Did Alphabet-C "fake" the viral video of Gemini's "powerful multimodal capabilities"?

Alphabet-C's Gemini multimodal AI video has been accused of being fabricated, with Gemini's performance being achieved through artificial manipulation, skipping certain prompts and reasoning processes. The video showcases Gemini's flexible response and understanding abilities in speech, images, and more, but the actual response is not authentic enough. This discovery has caught the attention of netizens.

On Thursday, a video titled "Intimate Interaction with Gemini: Multi-modal AI Interaction" was posted on Google's official YouTube account, attracting a lot of attention from netizens. Within a day, it had been viewed 1.4 million times.

The reason why this video attracted so much attention is because it showcased the impressive performance of Google's most powerful Gemini multi-modal model in terms of interaction.

In this 6-minute and 22-second video, Gemini demonstrated flexible and smooth responses and understanding to inputs such as voice and images, showcasing its powerful multi-modal understanding and interaction capabilities.

However, according to the latest report from tech media TechCrunch, some users who carefully studied the video discovered that the stunning performance of Gemini was almost all "fabricated".

The descriptions of the scenes, the recognition of toys, and the answers to questions in the video were all artificially set up. The video skipped some prompts and the model's reasoning process, creating a false impression of Gemini being intelligent and agile.

Gemini may not be as intelligent as it seems

Gemini showcased various interactive skills in the video, such as recognizing a toy duck, tracking the ball in a cup trick, recognizing gestures, and rearranging the order of planets.

For example, in the first demonstration, Gemini recognized the evolution process of a duck sketch from a single line to a complete picture. When the demonstrator filled the duck sketch with blue paint, Gemini pointed out that ducks are usually brown, white, or black, not blue.

Then, when Gemini saw a blue toy duck, it exclaimed, "What is this thing!" and proceeded to answer various voice questions about the toy duck.

Throughout the video, Gemini's reactions were quick and its answers were smooth, but the problem is that its responses were not authentic enough.
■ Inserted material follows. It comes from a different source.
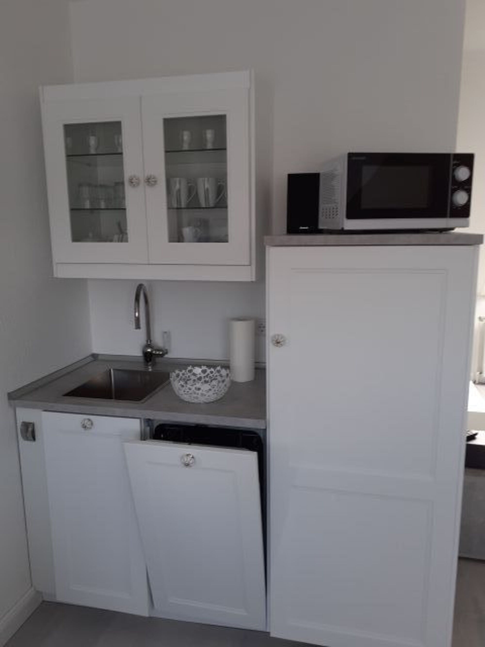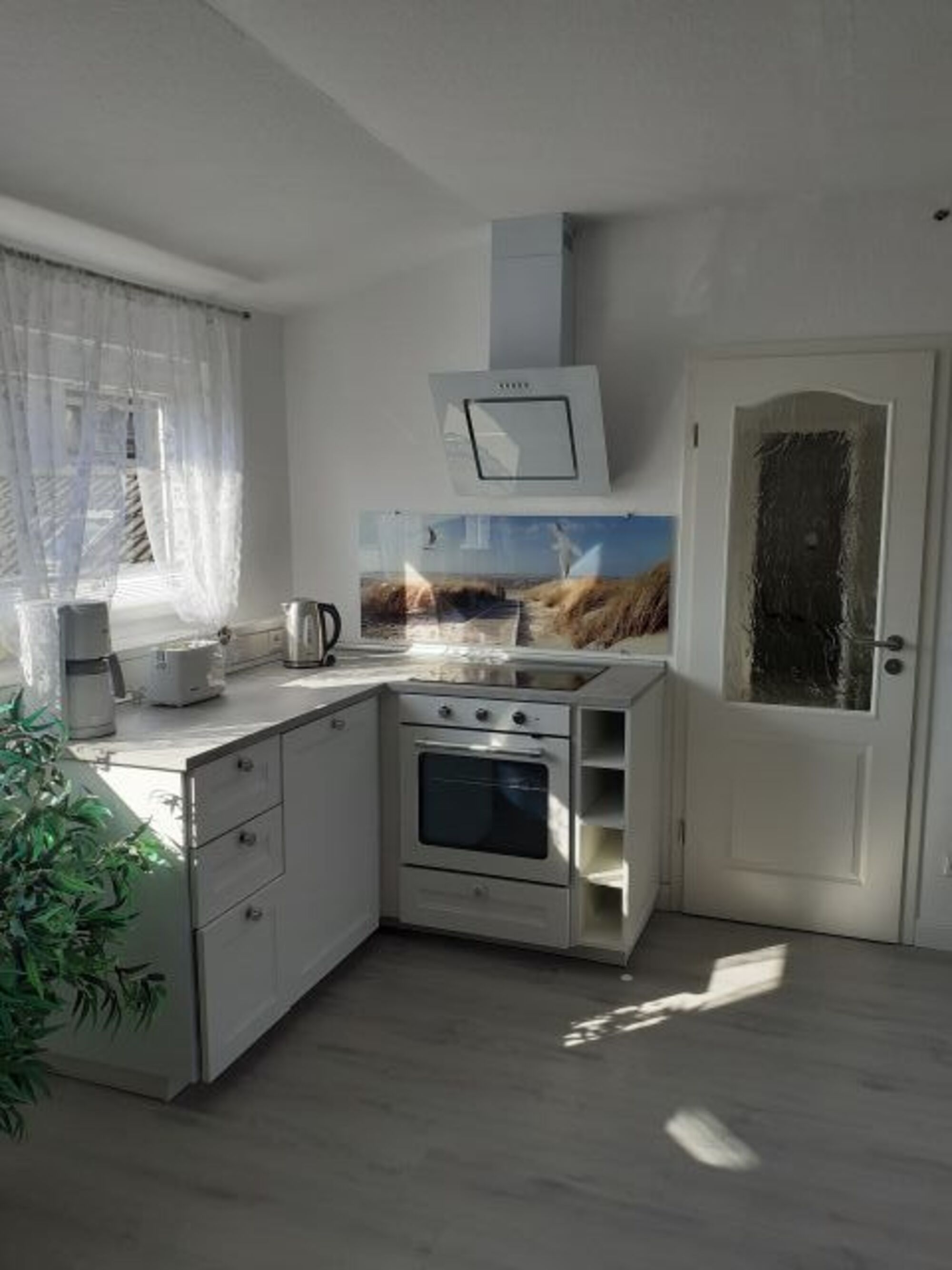 Die Ferienwohnung ist in grau-weiß eingerichtet und es ist alles vor Ort, was ein Haushalt benötigt.Eine kleine eigene Sitzgelegenheit mit einer schönen Set für die Gemütlichkeit und einen Sonnenschirm ist direkt vor unserem Haus nur für Sie.

The media tested Gemini's reaction capabilities in various scenarios by capturing footage and created a new demonstration video. Static image frames from the video footage were used to prompt Gemini, and prompts were given through text input.

The results showed that Gemini does possess some of the abilities showcased in the video, but it does not actually complete all interactive tasks as quickly and smoothly as shown in the video.

However, according to TechCrunch, the interactive effects shown in the video are not real-time interactions, but rather pre-set.

The video used a series of specially prepared text prompts and accompanying static images to create the effect of real interaction by selecting and editing these pre-set materials.This is actually done to mislead the audience and make people believe that the video shows Gemini's true real-time interaction capabilities. However, it is very likely that Gemini is not as powerful as shown in the video in terms of interaction speed, accuracy, and other aspects.

There are significant differences between the video and the documentation

It is worth noting that when TechCrunch compared the video with the document demonstration released by Google, they found differences in the prompts.

For example, at 2 minutes and 45 seconds in the video, a hand made a series of gestures without accompanying voice prompts. Gemini quickly responded, "I know what you're doing! You're playing rock, paper, scissors!"

But Google's Gemini capability document clearly states that the model cannot reason by recognizing individual gestures, and the prompts must display all three gestures together and provide the prompt "What game is this?" Only then can it recognize "rock, paper, scissors".

So the performance in the video completely contradicts the prompt restrictions described in the document and cannot demonstrate Gemini's true recognition capabilities.

In addition, the scene where Gemini recognizes the order of the planets may also be deceptive.

The presenter showed sticky notes with doodles of the sun, Saturn, and Earth, and asked Gemini if the order of the planets was correct. Gemini gave the correct order of the sun, Earth, and Saturn.

But the document shows that the actual prompt is, "Is this the correct order? Consider the distance from the sun and explain your reasoning."

These two interactions feel completely different. The video demonstration looks like intelligent real-time assessment, while in actual interaction, Gemini requires prompts with strong implications.

In addition, there are also cases where the prompts in the demonstration of tracking the crumpled paper in the cup are different from what is recorded in the document.It is worth noting that if the video had explicitly stated from the beginning that "this is an artistic representation of the interactions tested by our researchers," there would be no objections, as such videos inherently combine facts and idealized elements.

However, this video is titled "Intimate Interaction with Gemini" and claims to be "our favorite interaction," which implies that the interactions shown in the video are real. But in reality, they are not.

Google has not even clarified whether the models showcased in the video are the already released Gemini Pro version or the upcoming Gemini Ultra version expected to be launched next year.